Berkah Setumpuk Jenggot

Engkau pasti sulit menemukan seseorang semacam dia. Da'i paling nyentrik se-Indonesia. Ia pernah jadi khotib sidang Jum'at tanpa duduk di antara kedua sesi khotbahnya. Jika engkau suka mengelompokkan karakter seseorang lewat fisiognomi, kesulitan itu akan tambah membuatmu kebingungan: wajahnya bulat penuh dan "berwibawa", tubuhnya tegap seperti Mahapatih Gajah Mada. Tapi jika keluwesan emosinya melanda, ia bisa sentimentil melebihi gadis perawan saja. Hatinya benar-benar peka. Dan sekarang, berkah keluwesannya, ia benar-benar menjadi Mahapatih bagi komunitasnya. 

Dia sangat super serius dengan profesinya, tapi lebih sangat amat super-duper serius lagi tentang puisi-puisinya. Tiap malam ia menyelipkan sajak-sajak doa untuk istrinya. Kata dia, itu isyarat kekekalan cinta. Maka, setelah lama menduda, ia sangat selektif memilih perempuan untuk jadi pendamping sisa-sisa hidupnya.

Dari saking selektifnya, ia bahkan menyeleksi status-status dan tag-tag dari siapa saja yang boleh "nongkrong" di beranda fesbuknya. Menyortir kiriman-kiriman foto yang berjubelan dari penggemar-penggemarnya, entah penggemar beneran, pengggemar guyonan, mungkin juga penggemar suaranya, atau hanya penggemar jenggotnya yang penuh karisma.  

Soal jenggot, engkau pasti menganggap statemennya sebagai lelucon. "Santai saja, ini bukan jenggot ideologi, tapi hanya sekedar aksesori," serunya sambil mengelus jenggotnya yang tak ada duanya di dunia. Dan, ia tak sedang mengarang cerita saat berkilah bahwa berkat jengggotlah alur hidupnya bisa berubah. Ia diterima menjadi penyiar di sebuah stasiun radio swasta milik para pengusung khilafah untuk menggusur Indonesia raya. "Jenggot ideologi" menjadi salah satu platform dan mode gerakan mereka.

Tak tanggung-tanggung. Ia dipercaya untuk mengasuh acara "Jelajah Al-Quran", padahal dulu kitab itu jarang disentuhnya, jarang dikajinya. Tapi rute hidup manusia tak bisa diterka. Apa yang ditekuninya dulu, ketika mengejar almarhumah istrinya, dengan cara mengiriminya bebait puisi, merekam suara cemprengnya dengan laptop bututnya, sekarang malah megantarkannya menjadi penyiar ternama. Gus Aab pangggilan udaranya. Engkau harus percaya itu bukan kebetulan belaka. Itu hasil jihad fi sabilillah namanya.  

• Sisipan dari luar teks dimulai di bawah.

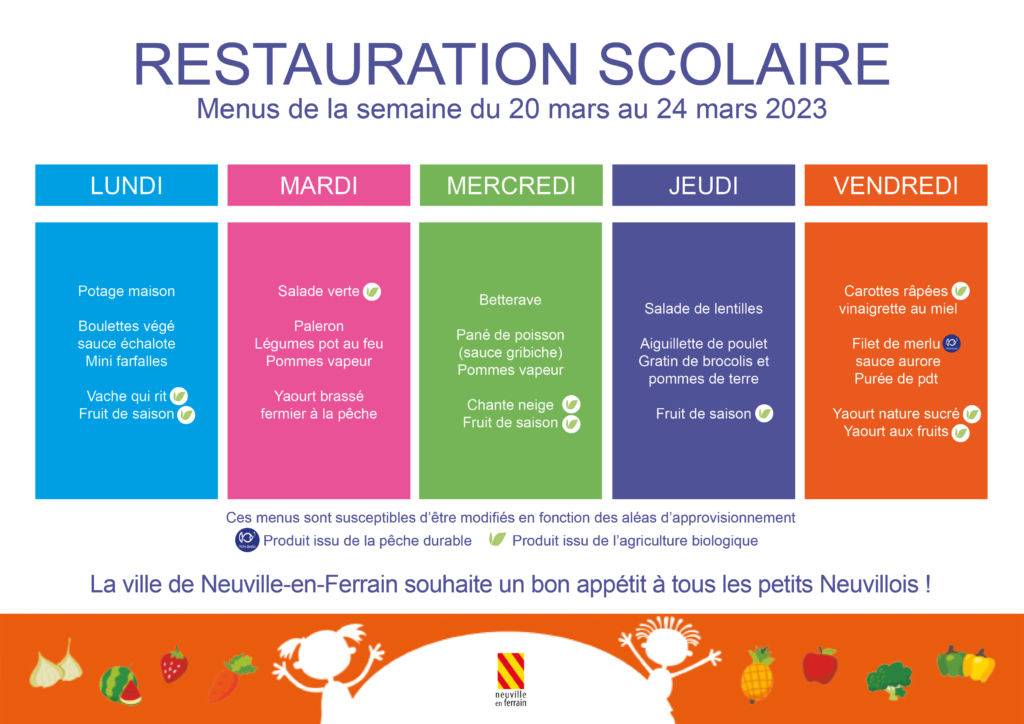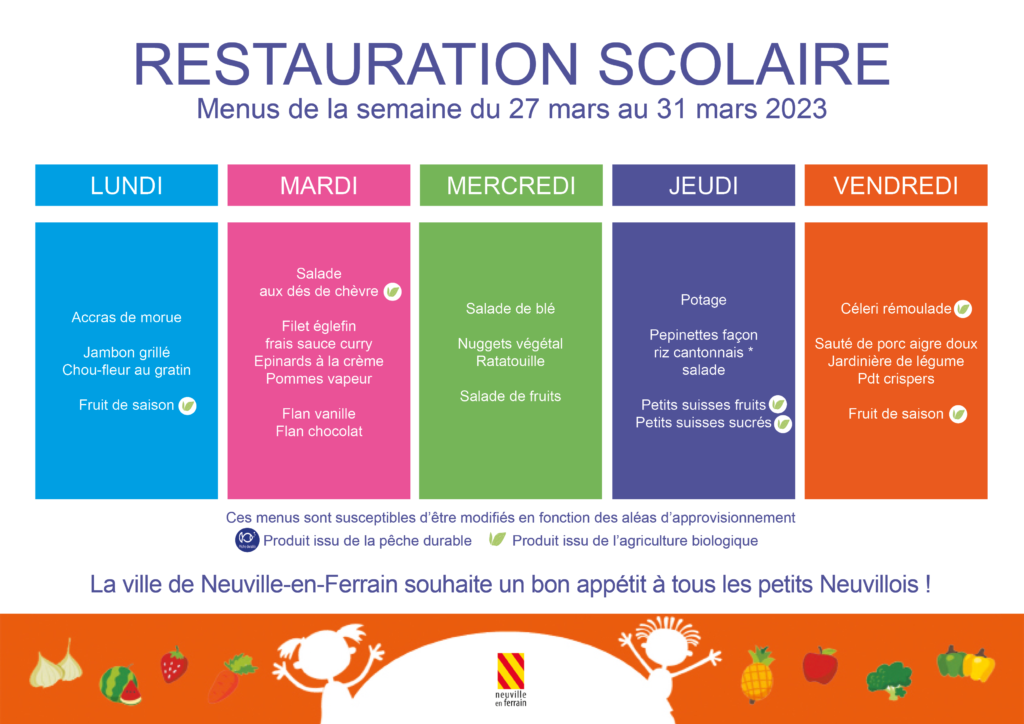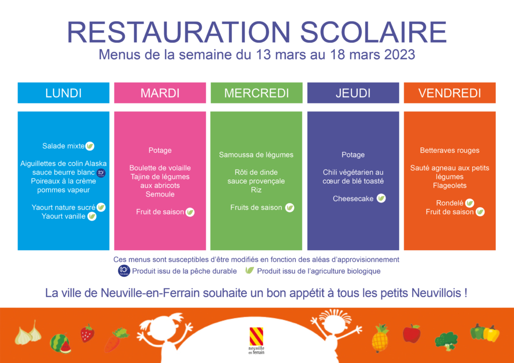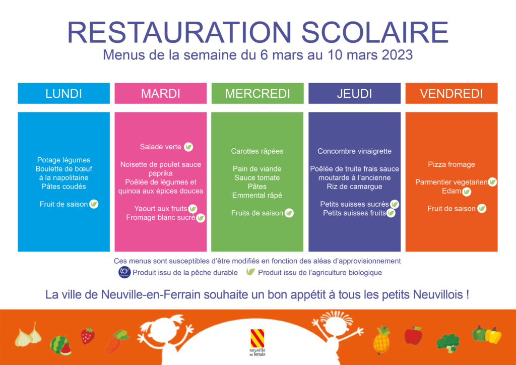 Chaque jour, les enfants de la Ville de Neuville-en-Ferrain peuvent déjeuner dans les restaurants scolaires de la commune. En moyenne, ce sont 1000 enfants qui profitent du restaurant scolaire.

Dibalik kekar tubuhnya yang kau kira seperti instruktur fitness, ia tetaplah lelaki romantis, mungkin sedikit melankoli, tapi sanggup mencintai istrinya sepenuh hati, sampai mati. Itu kenapa ia bisa akrab dengan bebaris puisi. Bahkan mampu mengucurkan air mata saat membaca kisah-kisah penuh haru yang mirip perjalanan hidupnya. 

Saya yakin istrinya sedang damai di sorga. Engkau pasti percaya. Dan tulisan ini tidak berpretensi apa-apa, hanya sekedar karangan bunga atas ketabahan hatinya. Lelaki yang saya ceritakan ini, engkau tahu, adalah sahabat sejati saya, yang dulu pernah tak menyapa saya berbulan-bulan lamanya, hanya lantaran kedunguan buta, kesempitan rongga dada, dan fanatisme tanpa makna, dalam memperjuangkan komunitas eks yang kebingungan menentukan plot rangkaian perjalanan ceritanya.  

Pada akhirnya, engkau harus yakin bahwa coretan saya ini adalah lembar pertama untuk membuka kembali cerita-cerita heroiknya saat mengejar cintanya, lalu menikahi perempuan yang dicintainya, lalu sederet riwayat keluarganya, lalu suka-dukanya, lalu tawa-tangisnya, dan lalu-lalu yang lainnya. Ia berjanji kepada saya untuk megabadikannya dalam catatan kenangan penuh cinta. 

Engkau, pembaca tulisan ini, adalah saksi nyata, betapa ocehan tak berharga ini adalah ikrar saya dalam membidani kelahiran ceritanya. Kita tunggu saja.